In fact, the stereotypes of the Cold War led the parties to play out new rounds of the game of "who blinks first" and move along the path of escalation. Each side pursues quite rational, understandable goals, but is completely blind to the goals and motives of the enemy.
In the global economy, the growth of protectionism is combined with the objective impossibility of closing most production chains on their own territory, even for the largest countries. For example, at the cost of great efforts, Russia is now trying to become the only country in the world capable of producing civilian aircraft on its own. But in many sectors, self-sufficiency does not shine in the foreseeable future, at least because of the inability to produce a modern electronic component base.
In the conditions of continuous economic wars, any dependence turns into vulnerability, but it is impossible to get rid of dependence. Dependence in the economic and technological spheres can only be managed by minimizing risks. And this is becoming one of the main directions of foreign policy activities.
Despite the widespread steps to strengthen control over the Internet, the global information space, where images and ideas instantly move, is not going anywhere. Globalization is taking on new forms, but its level is still higher than ever. Major events on the other side of the world can almost immediately affect the domestic situation: the Chinese authorities seriously feared in 2011 that the unrest of the "Arab Spring" would spread to the country.

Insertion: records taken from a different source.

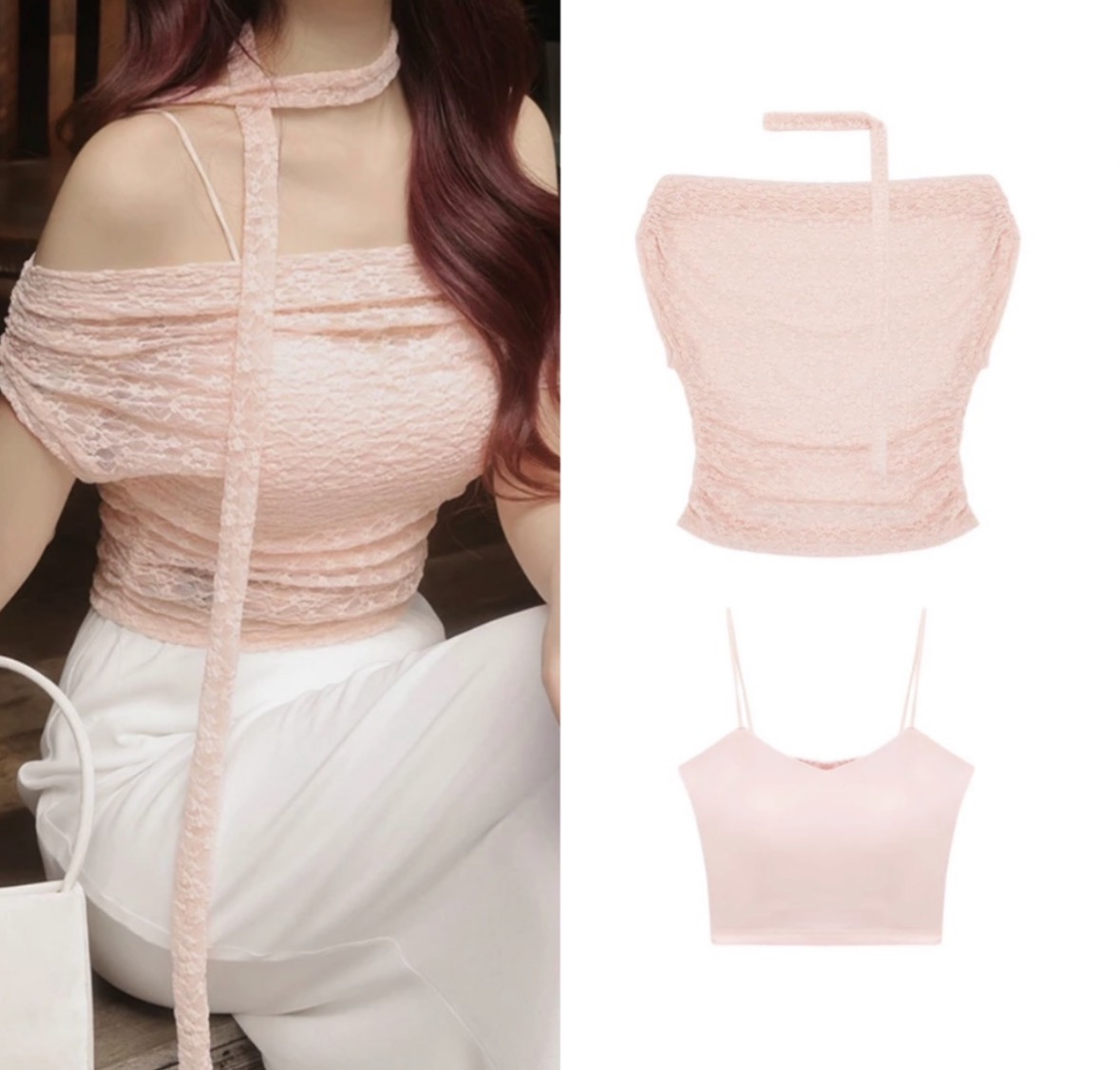 細緻小花蕾絲交織出浪漫氛圍,一字領結合袖子側邊抓皺,讓衣身帶有自然的皺褶層次。內搭細肩帶BRA背心,不用思考內衣搭配問題。附同色蕾絲領巾,可視需求做為穿搭造型的點綴配件。
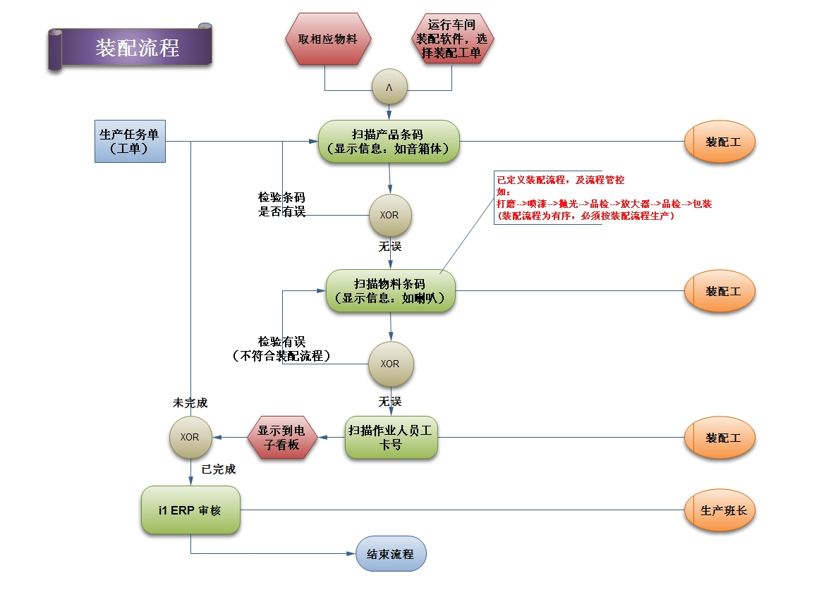 当完成一个工序后,用户先扫描产品条码(如音箱体S/N码),再扫描物料条码(如喇叭S/N码),如需记录作业人员,只需要再次扫描作业人员工卡号条码即可(如作业人员所在工位是固定的,也可预先设置好作业人员,可减少操作步骤),完成一项装配。
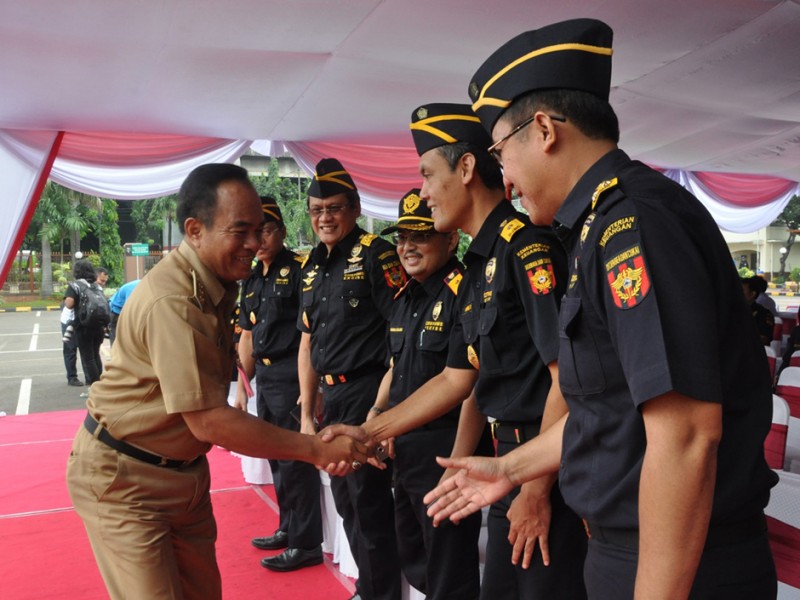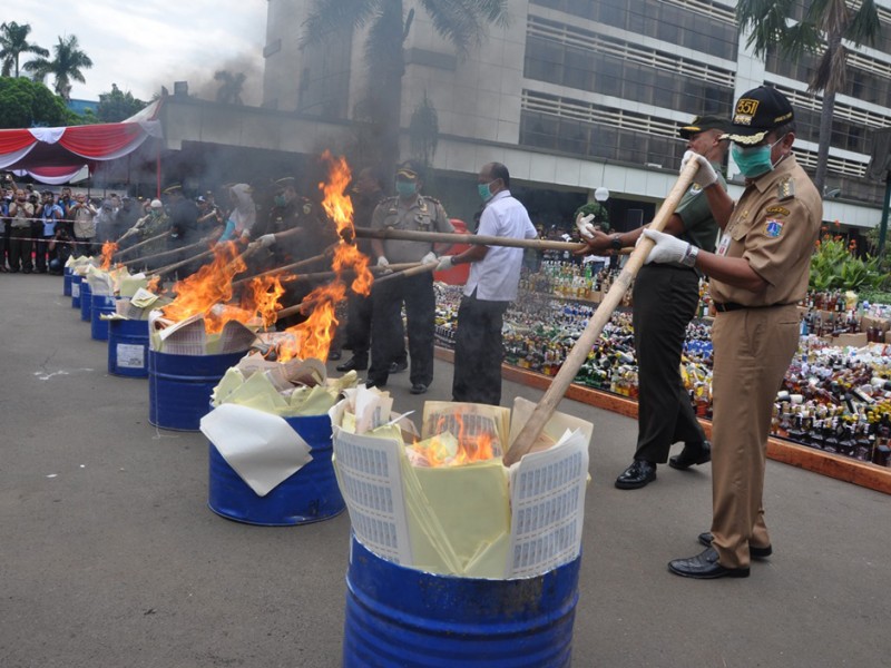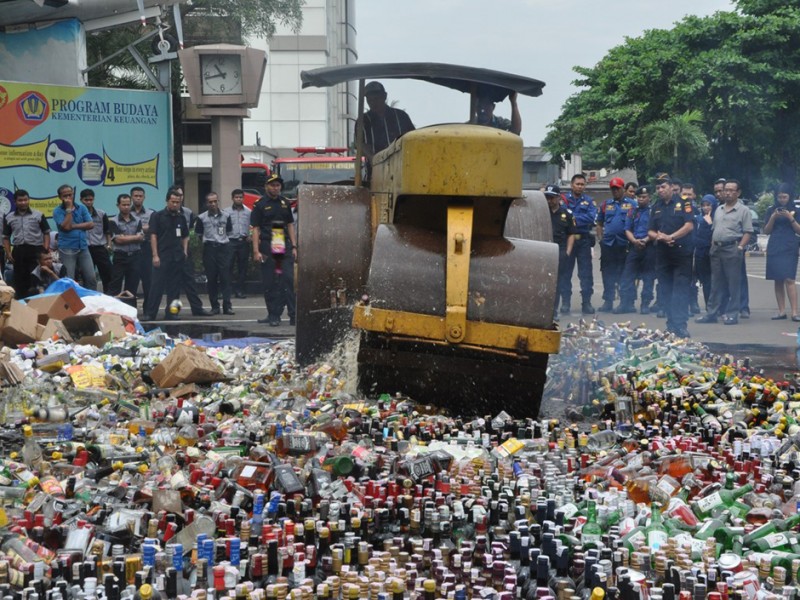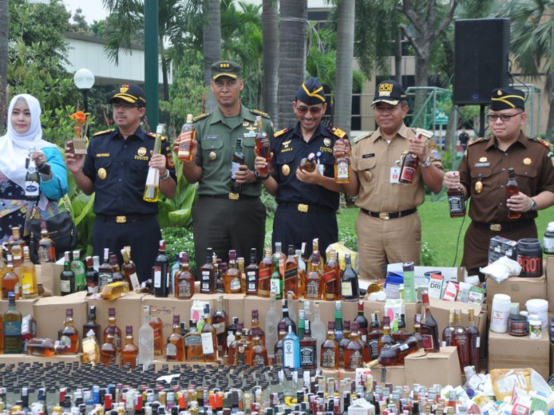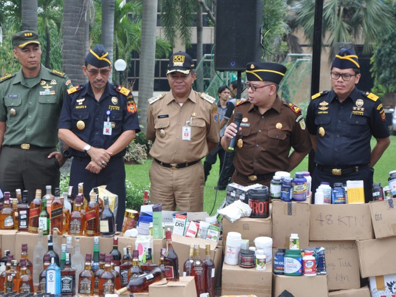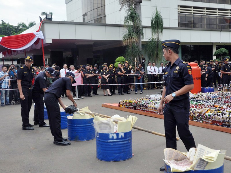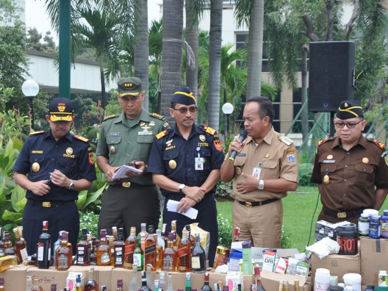 Wali Kota Jakarta Timur, Bambang Musyawardana menghadiri pemusnahan 50.222 botol miras, di halaman Gedung Direktorat Bea dan Cukai, Jl Ahmad Yani, Kecamatan Rawamangun, Jakarta Timur, Senin (20/6). (Foto: Reza/beritajakarta.com)

The changes that had accumulated by the beginning of SMO in almost all spheres of society's life already required the development of new approaches and methods for analyzing international politics. New criteria are needed to assess the economic, industrial and military power of States, new approaches to industrial policy, a new theory of nuclear deterrence, a new arms control system and new methods of economic forecasting that can work in conditions of global uncertainty and lack of rules.
Attempts to look for ready-made solutions in history (domestic or foreign) are extremely harmful: there are no ready-made answers to current questions in the past.